The staircase from the hallway leads to the first floor, where the master bedroom has an en suite bathroom and there are two further bedrooms and a family bathroom. The staircase continues to the second floor where there is a dormitory style bedroom with an exposed stone wall, a sixth bedroom and a fourth bathroom.

The annexe has a separate access via the secondary reception hall. The ground floor has a good sized sitting room, a small kitchen and a larder. A staircase from the sitting room leads to the first floor landing off which is a large bedroom with en suite bathroom.

The house stands in an enclosed garden, which has been attractively landscaped with stone walling, lawns, spring bulbs and shrub borders. There are a number of trees within the garden, including some Scots pines.

Situated a short distance to the east of the farmhouse is an attractive Category B listed barn which benefits from planning consent (ref: 11/02574/PP) for conversion into a single dwelling. Constructed of stone and under a slate roof, the building measures about 20m x 5.5m and currently houses the
generator which serves the island. Adjoining the barn is a workshop (about 5.6 x 2.7m).

Shuna is managed in-hand and is best suited to sheep production, but could carry cattle or other livestock. The land owes its inherent fertility to the underlying Dalriadan limestone. The island grazings extend to 387 acres in total and currently support some 230 Cheviot ewes and followers. Lambs are generally sold as stores in the autumn. The hill ground is split into two fenced hill parks and there are a number of smaller in-bye enclosures. The stock and farm equipment are moved on and off the island using a privately owned barge which is included in the sale. The farm is registered for IACS purposes and currently benefits from an annual income in the region of £16,000 through various agri-environmental schemes and subsidies. Two useful buildings are situated on the eastern shore. Their approximate dimensions and construction are as follows:

1. Sheep handling shed 14m x 6.5m
The building is of steel frame construction and has a concrete base with profile sheet cladding. Partially covered by the shed are the sheep handling pens which are of timber post and rail
construction.

2. Boat shed and adjoining store 9m x 5.5m and 4.5m x 3.5m
The building is of steel frame construction with profile sheet cladding and a roller shutter door.
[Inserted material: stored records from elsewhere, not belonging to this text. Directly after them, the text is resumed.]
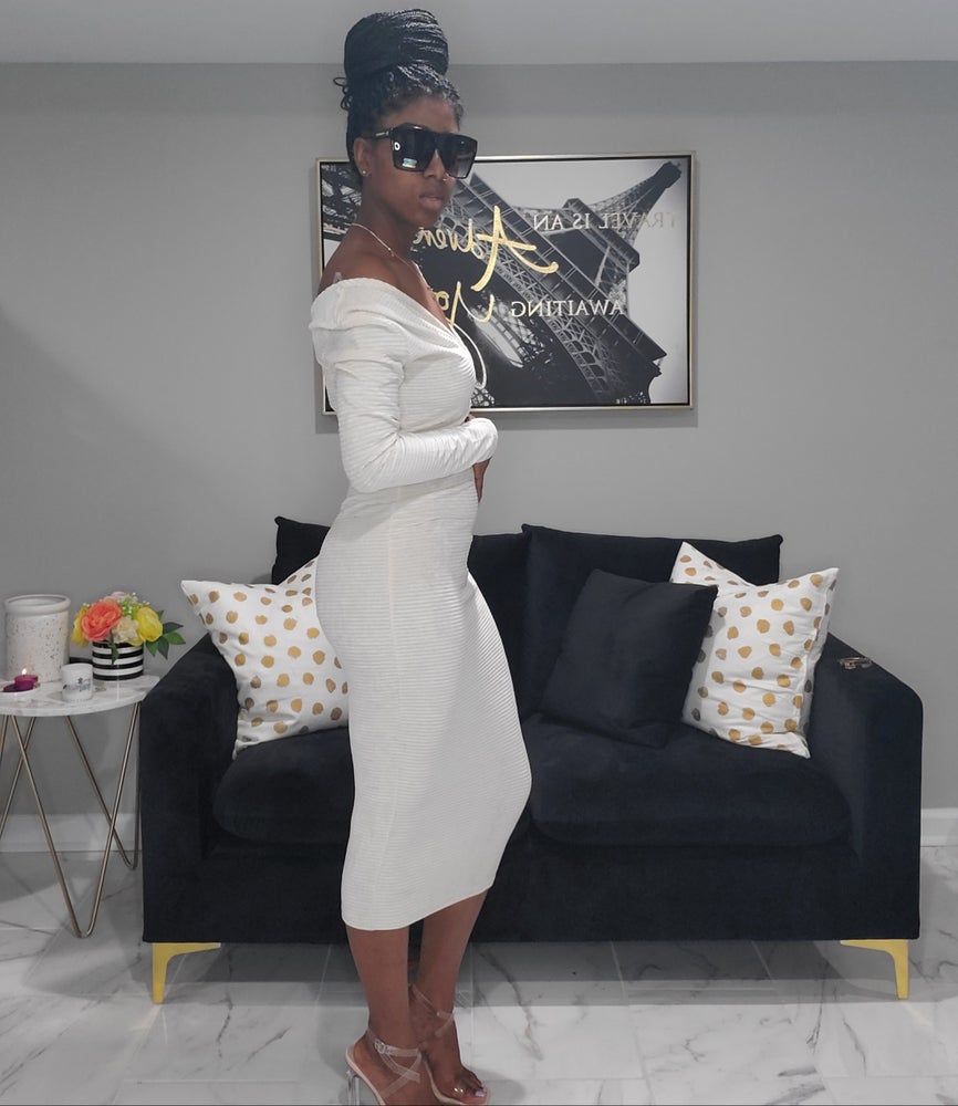 Ivory Midi Dress can be worn on or off shoulder 96% Polyester 4% Spandex Hand wash cold Line Dry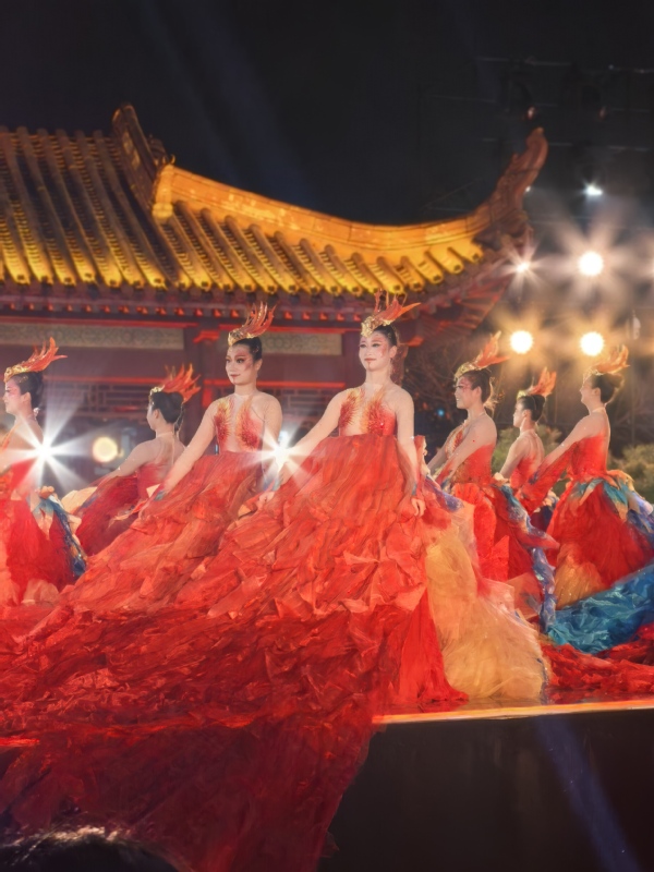 图为武工商学子参与央视春晚武汉分会场主题节目《星汉耀江城》凤凰舞蹈录制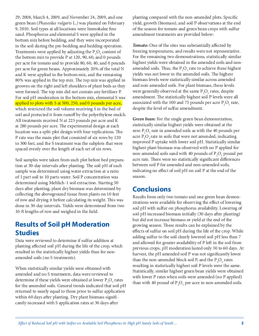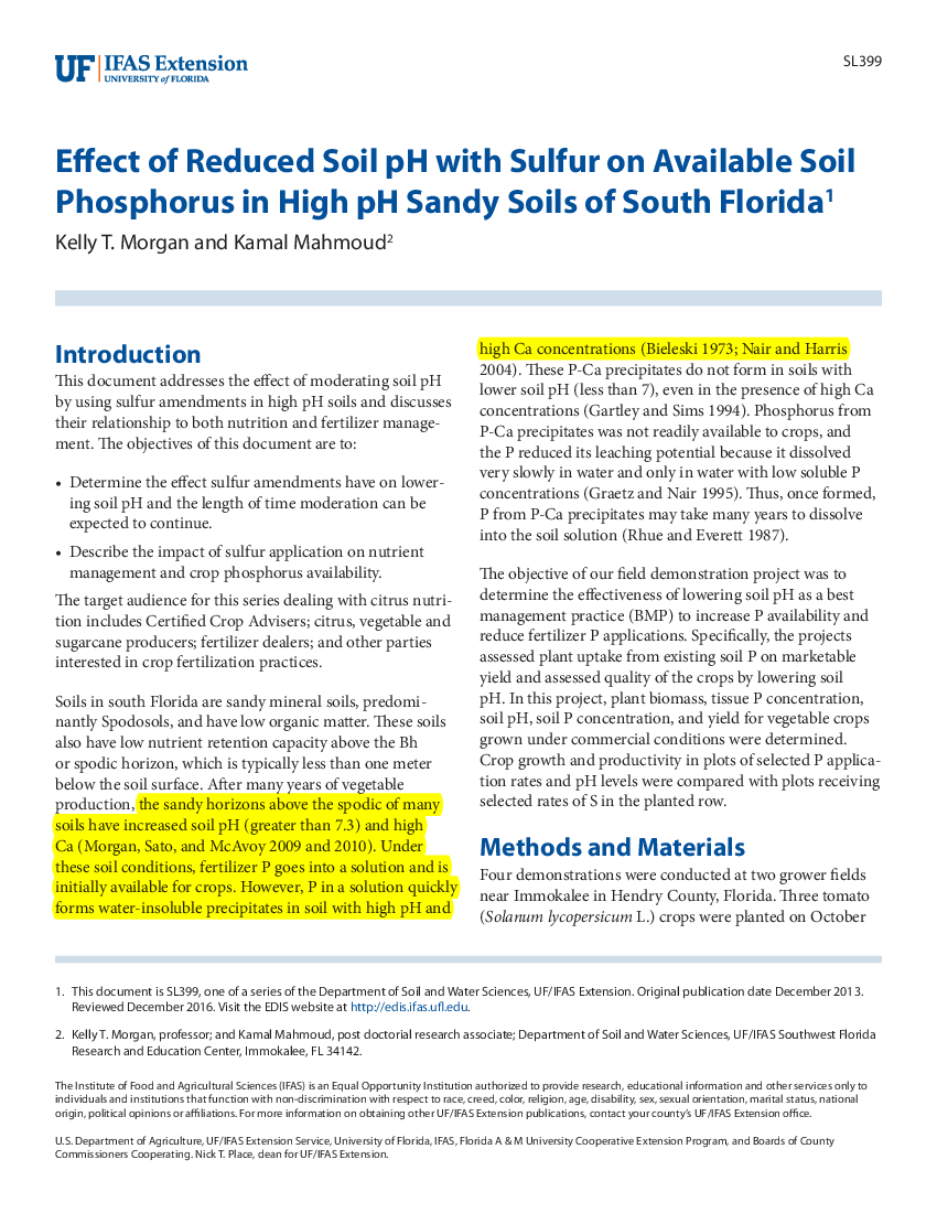 简介:Effect of Reduced Soil pH with Sulfur on Available Soil Phosphorus in High pH Sandy Soils of South Florida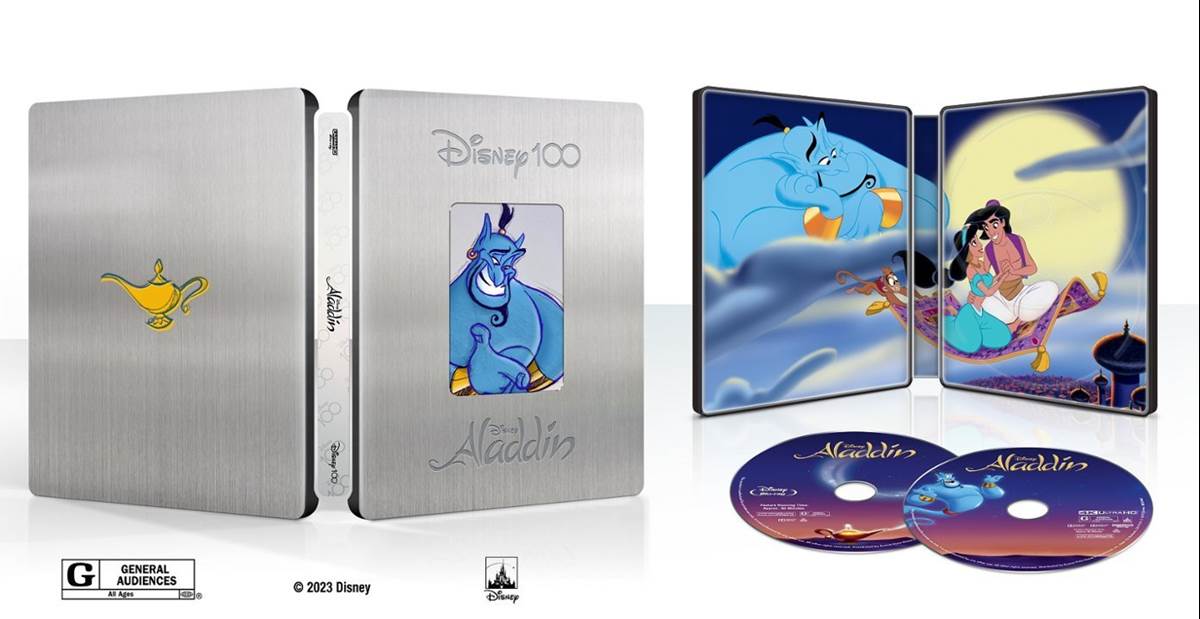 - Disney's 100th anniversary celebration continues with the exciting release of the Disney animated classic, Aladdin to a special collectible SteelBook edition, for the first time ever.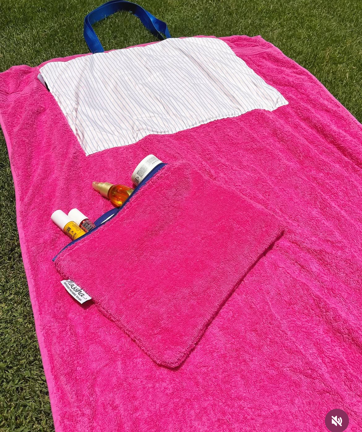 Towel Foldable tote to be carried as a bag, and also when opened can be used as a towel, in fuchsia color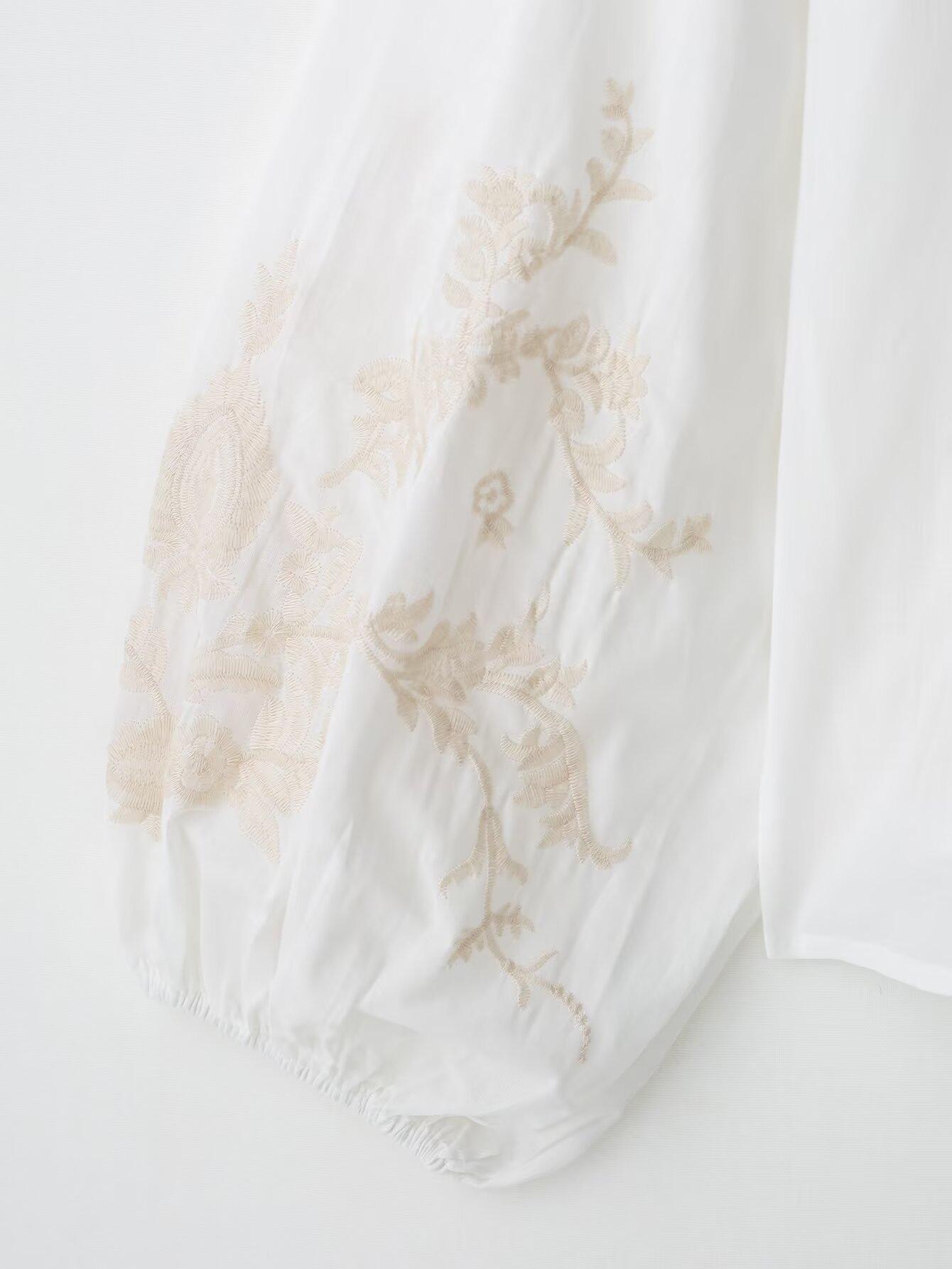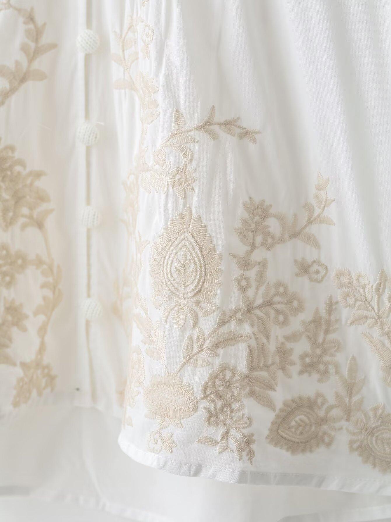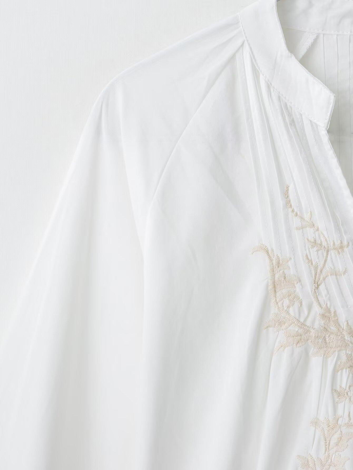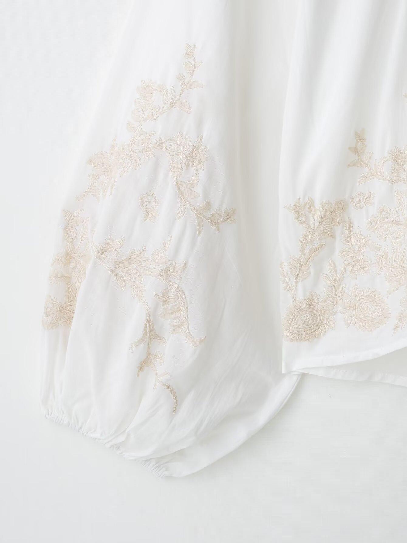 Exportación Transfronteriza Ropa de Mujer 2025 Verano Estilo Europeo y Americano Cuello en V Manga Larga Camisas con Pliegues y Flores Bordadas Tops para Mujer A36553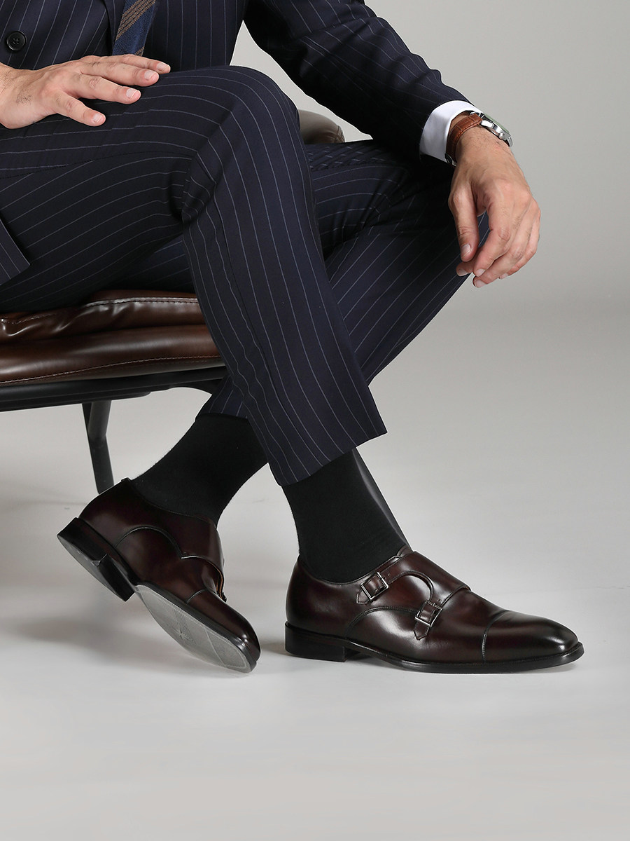 2023 New Men's Leather Shoes with Buckle, Wedding Groom Shoes, Large Size Genuine Leather, Breathable Business Formal Monk Shoes for Banquets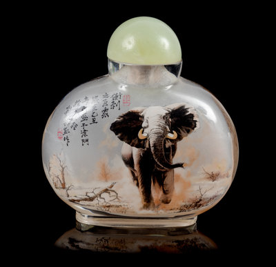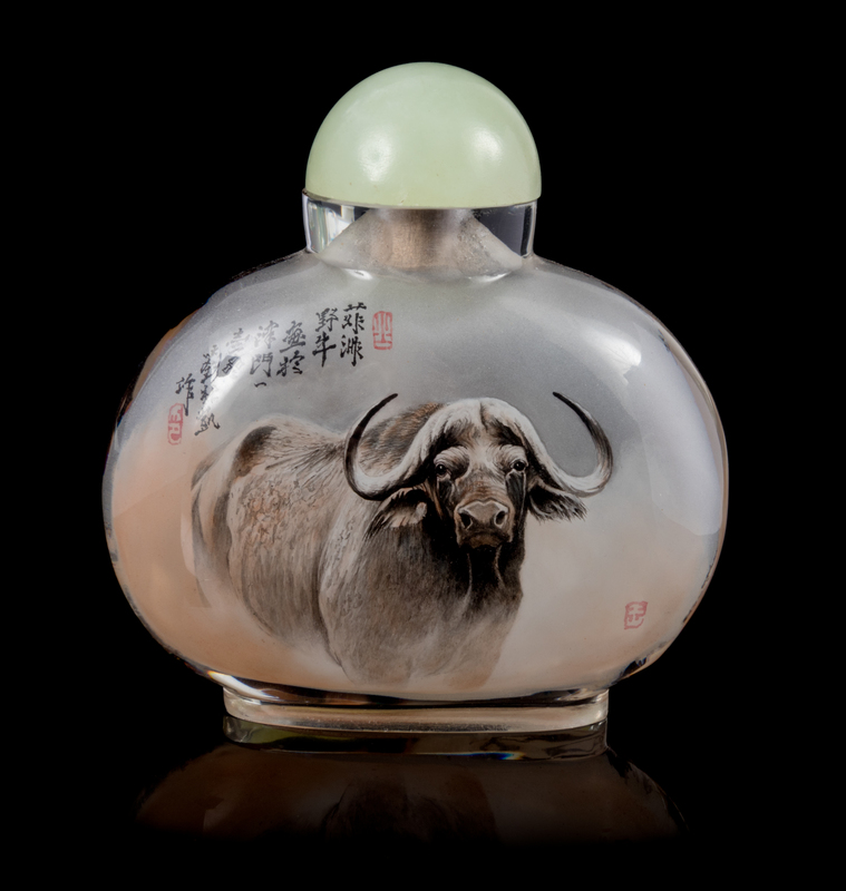 of baluster oval form, painted to one side with a bull, the other with an elephant, signed Liu Xinkai.

Lot 2 - Dallens and Lettershuna Cottages
This pair of attractive semi-detached cottages is situated on the mainland opposite the island, in the small hamlet of North Dallens. Constructed of harled stone under a slate roof, the accommodation in each cottage is over a single floor, as shown on the accompanying layout plans. Whilst the cottages retain much of their original character and features such as timber tongue and groove panelled walls and open fireplaces, the accommodation is in need of refurbishment. Subject to obtaining the necessary consents, there may be potential to convert the cottages into one larger dwelling.

Lot 3 - Land at North Dallens 0.89 acres
Lot 3 comprises a pasture field of about 0.89 acres by the shore on the mainland. The field provides useful accommodation land when moving stock on and off the island.



Directions

From Glasgow take the A82 northwards along the west side of Loch Lomond to Tyndrum, then turn left on to the A85 through Dalmally and on to Connel. From Connel, take the A828 north, signposted to Fort William, crossing the Connel Bridge, and continue along the north shore of Loch Creran to Portnacroish. Continue for about a mile beyond Portnacroish to Linnhe Marine. The crossing to Shuna Island is by boat from the jetty.

From Glencoe and the north follow the A828 south along the eastern shore of Loch Linnhe. The marina is about 11 miles south of the Ballachulish Bridge.

For those using satellite navigation, the postcode for Linnhe Marine is PA38 4DH.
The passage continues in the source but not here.